Stored entries:

---+---

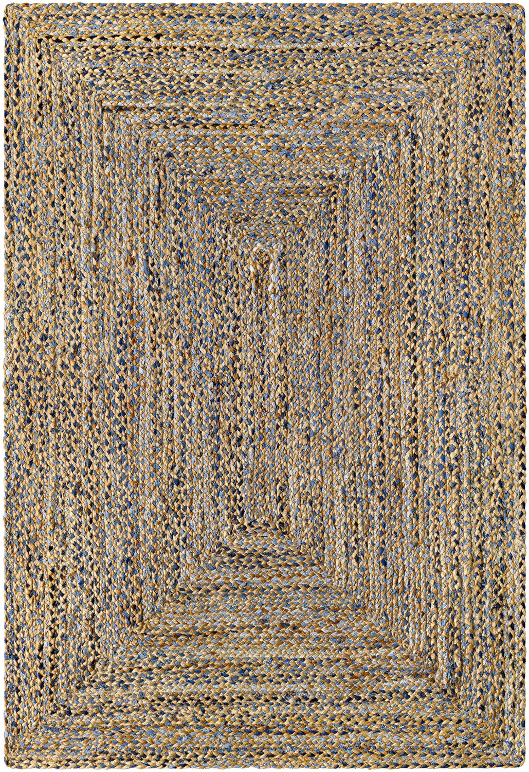 This Druce Jute & Blue Jean Area Rug is the perfect addition to any modern home. Hand loomed in India with recycled fabric and jute, this unique piece features a flat weave construction that makes it highly durable and easy to clean. The no pile design gives it an airy look without compromising on comfort or style. For a secure hold, we recommend using a rug pad underneath (sold separately). Add some flair to your living space with this stylish and eco-friendly floor covering.
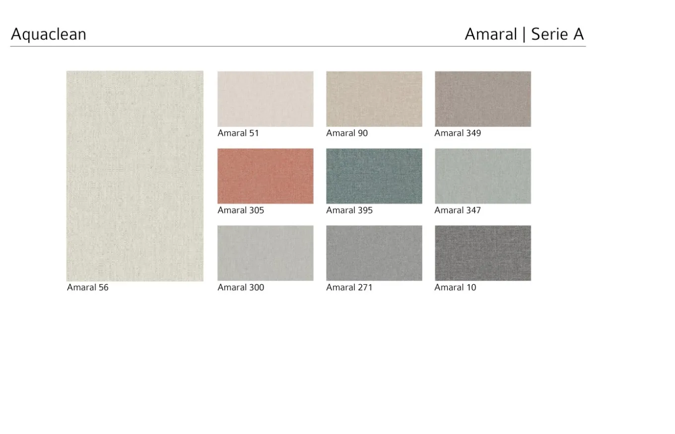 - Tapizado en Aquaclean colección Amaral. Tratamiento revolucionario que permite que se limpien las manchas simplemente utilizando un poco de agua. Aquaclean ayuda a desaparecer la mayoría de las manchas domésticas (vino, grasa, chocolate…).
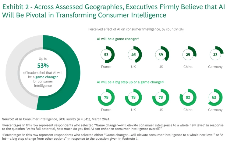 Faced with these challenges, up to 53% of industry leaders across all countries feel that AI will be a game changer for consumer intelligence—elevating their companies' view of their customers to new heights. (See Exhibit 2.)
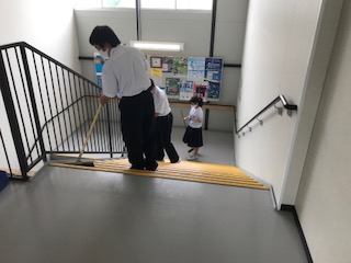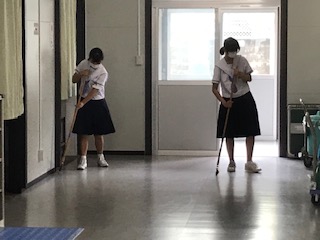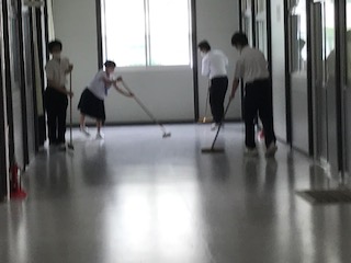 7月10日(金)、期末テスト終了後、生徒会主催のクリーンアップ活動を行いました。今日はあいにくの雨のため、校内の清掃活動を行いました。クリーンアップ活動に生徒会、生徒議会のメンバーに野球部の子どもたちも参加して、廊下・階段の掃き掃除、窓をふく作業の3つのグループに分かれて校内をきれいにしてくれました。
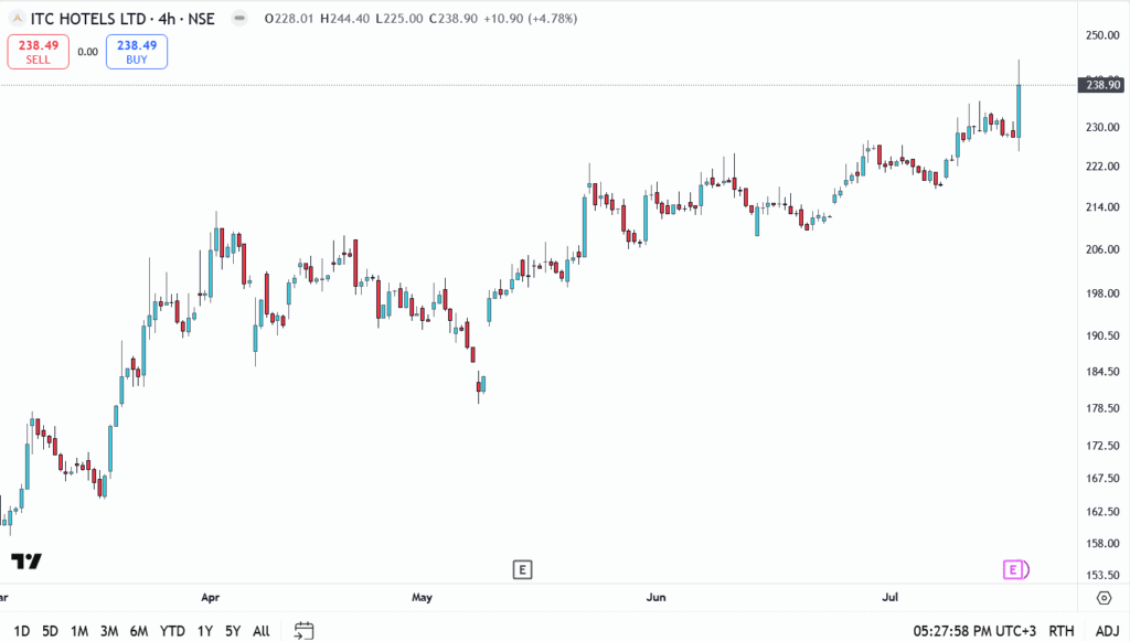 ITC Hotels Ltd (NSE: ITC) surged nearly 5% on Tuesday, with the stock closing at ₹238.90 after a sharp rally triggered by its Q1FY26 earnings beat. The company’s net profit jumped 53% year-on-year to ₹133.71 crore.
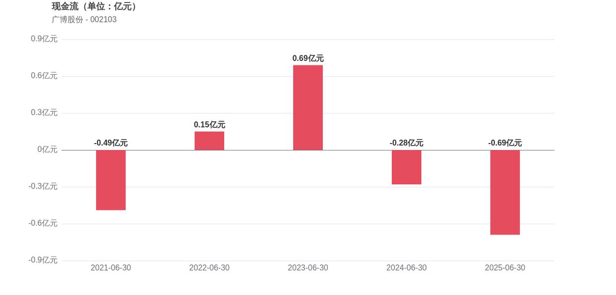 在经营稳健性方面,广博股份面临营运效率和现金流双重压力,存货周转天数增至30.30天,较2024年上半年增长0.5%。经营活动产生的现金流净额为-0.69亿元,较2024年同期的-0.28亿元进一步恶化,显示出公司在资金回笼方面仍存在挑战。此外,2025年上半年的资产负债率为46.40%,同比下降0.15个百分点,这意味着公司负债结构有所优化。
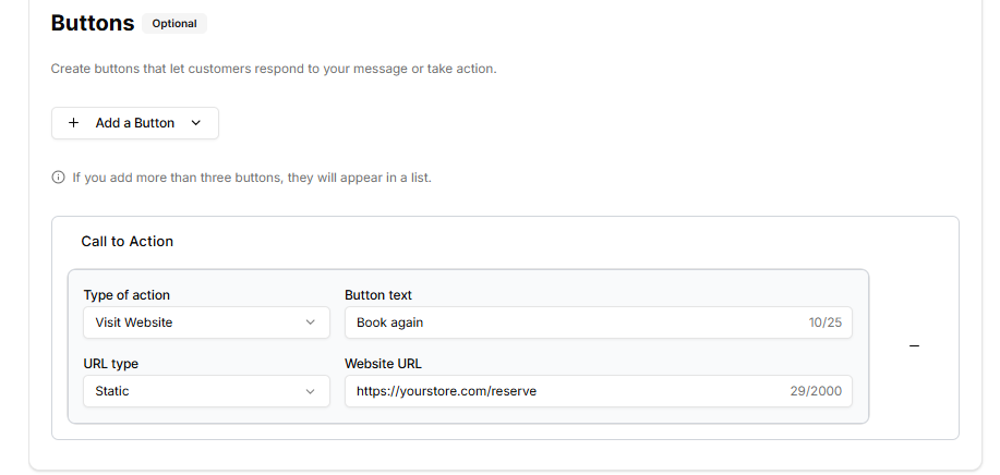 Book AgainSelecione o tipo de URL como Static e insira o link da página de reservas do seu site em Website URL section.
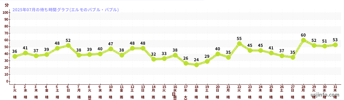 • エルモのバブル・バブル$B$N(B2025年07月01日のの一日平均待ち時間
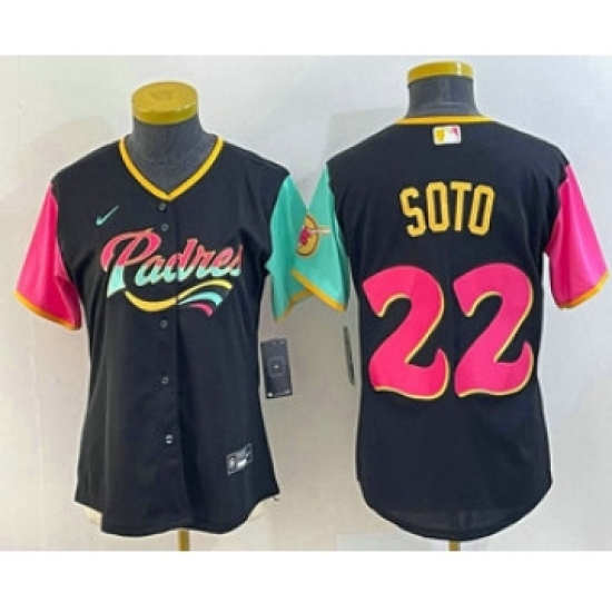 >Women's San Diego Padres #22 Juan Soto Black 2022 City Connect Cool Base Stitched Jersey
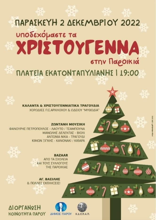 Την Παρασκευή 2 Δεκεμβρίου, στις 19.00, στην πλατεία Εκατονταπυλιανής, η Παροικιά υποδέχεται τα Χριστούγεννα με κάλαντα και Χριστουγεννιάτικα τραγούδια από τις χορωδίες Π.Σ. Αρχιλόχου και ωδείου “Μυθωδία”, ζωντανή μουσική από τετραμελή ορχήστρα, bazaar των συλλόγων και των σχολείων της Παροικιάς και τον Άγιο Βασίλη σε μία συνδιοργάνωση της κοινότητας, του Δήμου και της ΚΔΕΠΑΠ.
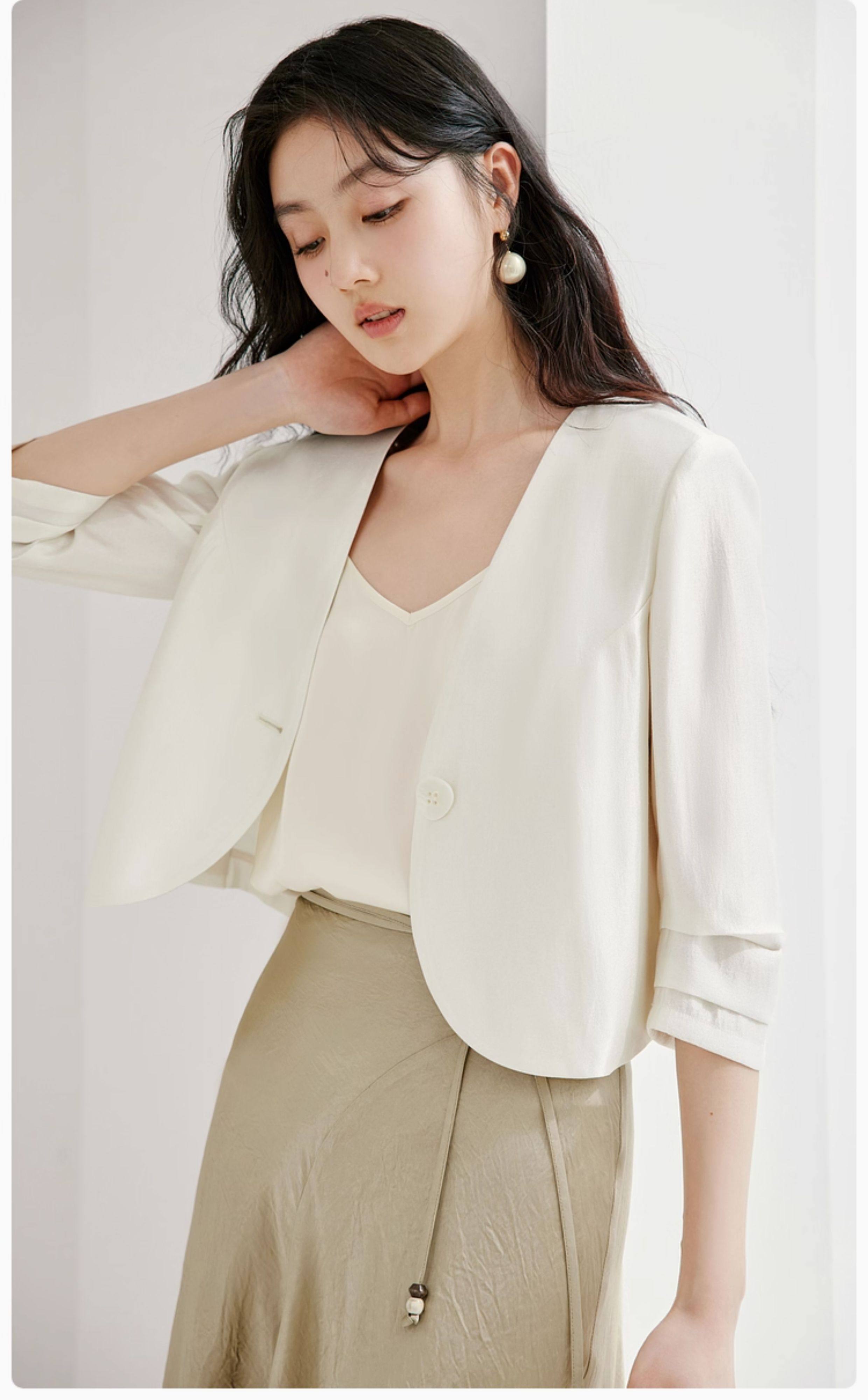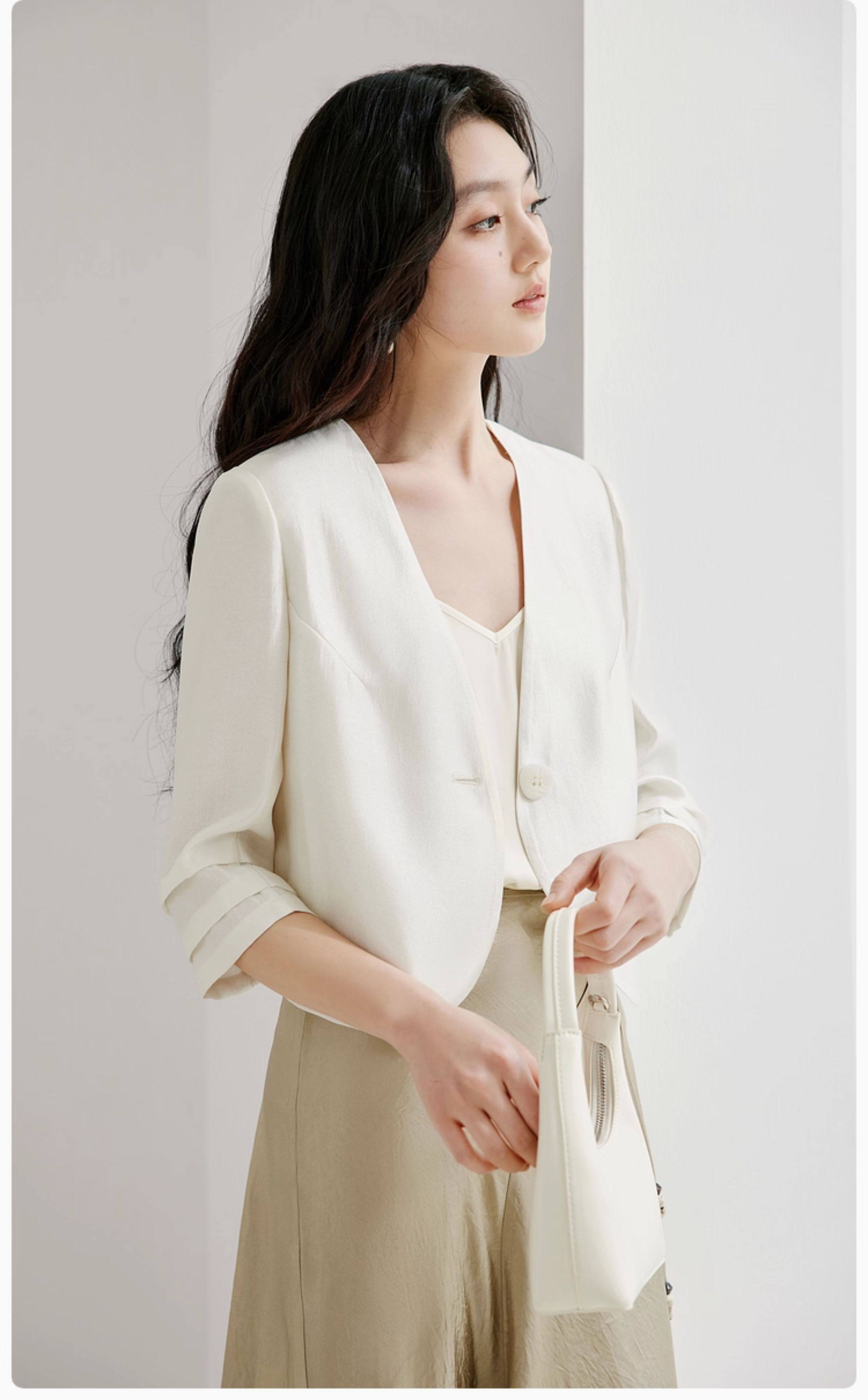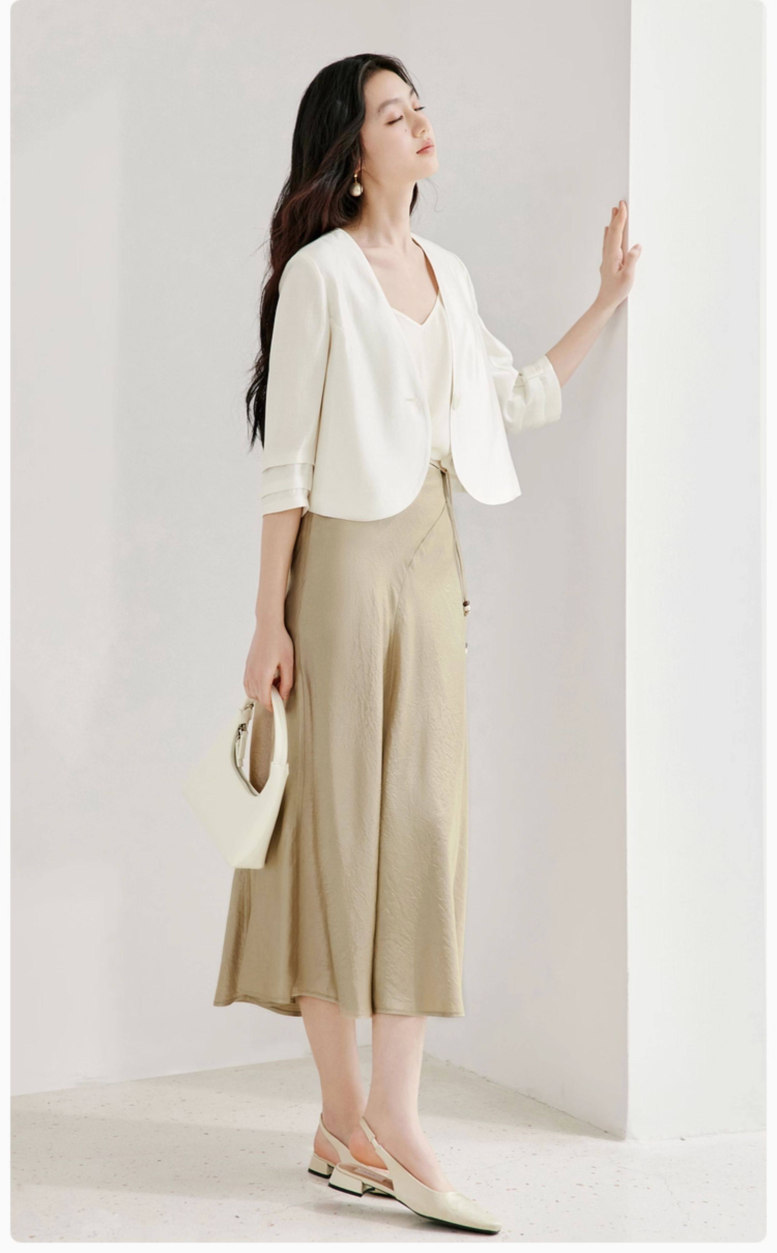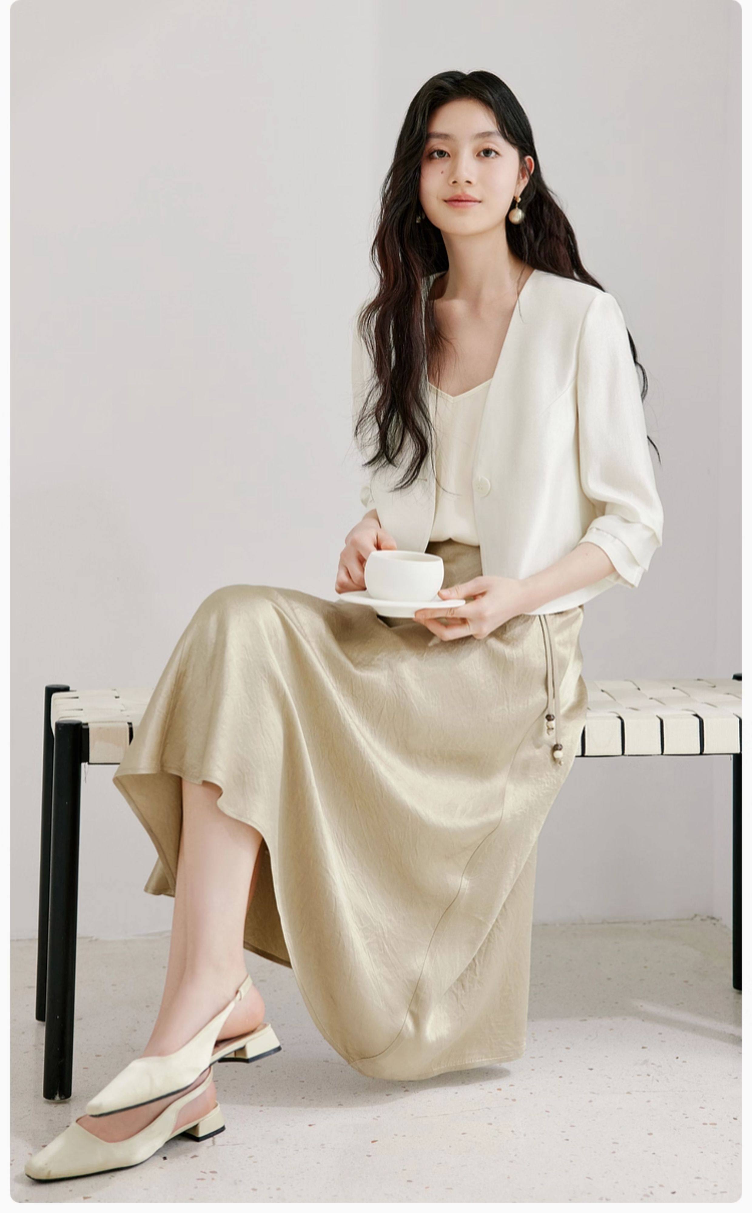 Xiangying, traje pequeño blanco, abrigo fino corto para mujer, primavera 2026, nuevo estilo antiguo de dinero, cinturón con tirantes y top de satén

---+---

__The problem__: Nothing is needed beyond an exact transcription of the lines from the one containing "ITC Hotels Ltd" to the end of the entries above, with the pictures omitted.

__Answer to this task__:
 ITC Hotels Ltd (NSE: ITC) surged nearly 5% on Tuesday, with the stock closing at ₹238.90 after a sharp rally triggered by its Q1FY26 earnings beat. The company’s net profit jumped 53% year-on-year to ₹133.71 crore.
 在经营稳健性方面,广博股份面临营运效率和现金流双重压力,存货周转天数增至30.30天,较2024年上半年增长0.5%。经营活动产生的现金流净额为-0.69亿元,较2024年同期的-0.28亿元进一步恶化,显示出公司在资金回笼方面仍存在挑战。此外,2025年上半年的资产负债率为46.40%,同比下降0.15个百分点,这意味着公司负债结构有所优化。
 Book AgainSelecione o tipo de URL como Static e insira o link da página de reservas do seu site em Website URL section.
 • エルモのバブル・バブル$B$N(B2025年07月01日のの一日平均待ち時間
 >Women's San Diego Padres #22 Juan Soto Black 2022 City Connect Cool Base Stitched Jersey
 Την Παρασκευή 2 Δεκεμβρίου, στις 19.00, στην πλατεία Εκατονταπυλιανής, η Παροικιά υποδέχεται τα Χριστούγεννα με κάλαντα και Χριστουγεννιάτικα τραγούδια από τις χορωδίες Π.Σ. Αρχιλόχου και ωδείου “Μυθωδία”, ζωντανή μουσική από τετραμελή ορχήστρα, bazaar των συλλόγων και των σχολείων της Παροικιάς και τον Άγιο Βασίλη σε μία συνδιοργάνωση της κοινότητας, του Δήμου και της ΚΔΕΠΑΠ.
 Xiangying, traje pequeño blanco, abrigo fino corto para mujer, primavera 2026, nuevo estilo antiguo de dinero, cinturón con tirantes y top de satén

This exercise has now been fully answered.